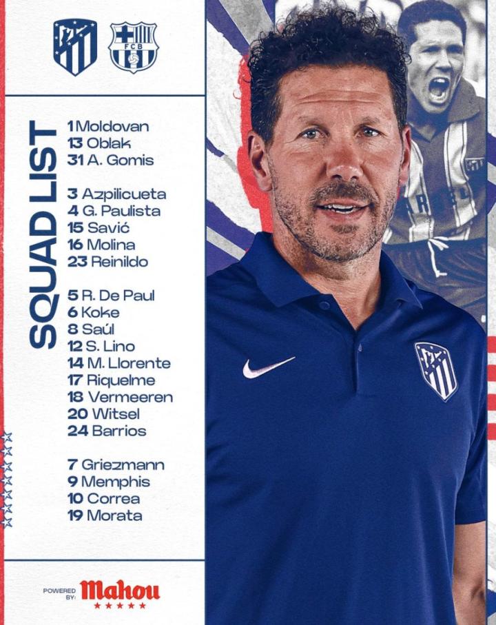 马竞战巴萨大名单:格列兹曼、莫拉塔领衔锋线,科克坐镇中场
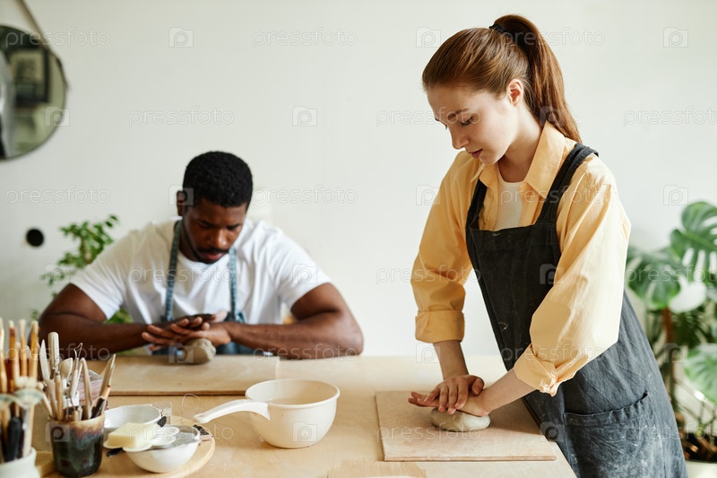 Женщина формирует глину и демонстрирует технику людям в керамической студии
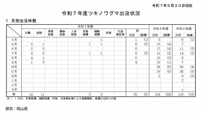 ところが...岡山県自然環境課によりますと、2025年度これまでに「ツキノワグマ」が岡山県内で確認された出没状況(目撃や痕跡)は、9月末現在で30件で、昨年同時期の75件と比べ、半分以下となっています【画像①】。
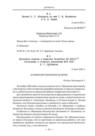Письмо В. С. Абакумова на имя Г. М. Маленкова и Л. П. Берии. 4 июля 1951 г.
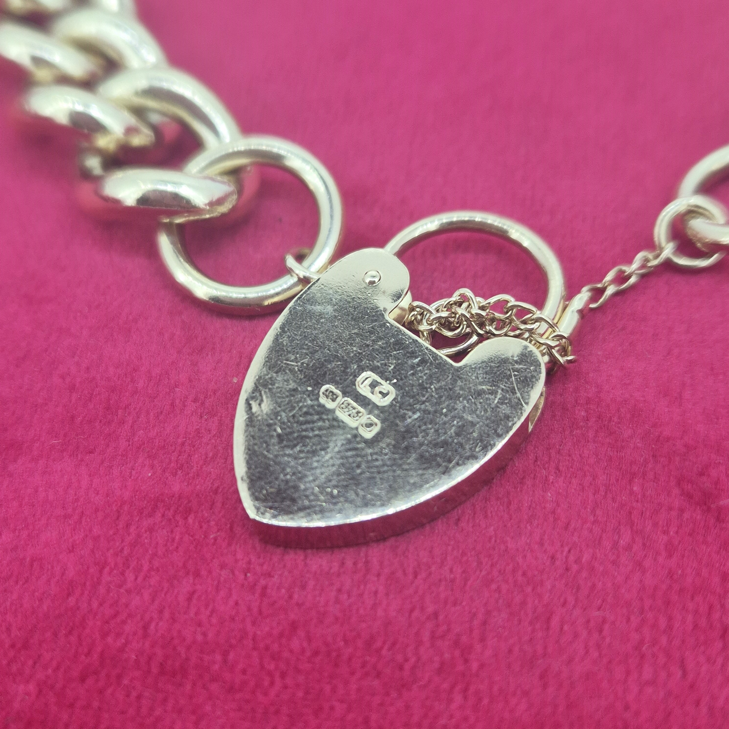 It will fit an 18cm wrist and is secured using a solid heart padlock and safety chain.

---+---

(Brief)
When you return the listing, keep it exact and omit any pictures it holds.

(Output below)
 马竞战巴萨大名单:格列兹曼、莫拉塔领衔锋线,科克坐镇中场
 Женщина формирует глину и демонстрирует технику людям в керамической студии
 ところが...岡山県自然環境課によりますと、2025年度これまでに「ツキノワグマ」が岡山県内で確認された出没状況(目撃や痕跡)は、9月末現在で30件で、昨年同時期の75件と比べ、半分以下となっています【画像①】。
Письмо В. С. Абакумова на имя Г. М. Маленкова и Л. П. Берии. 4 июля 1951 г.
 It will fit an 18cm wrist and is secured using a solid heart padlock and safety chain.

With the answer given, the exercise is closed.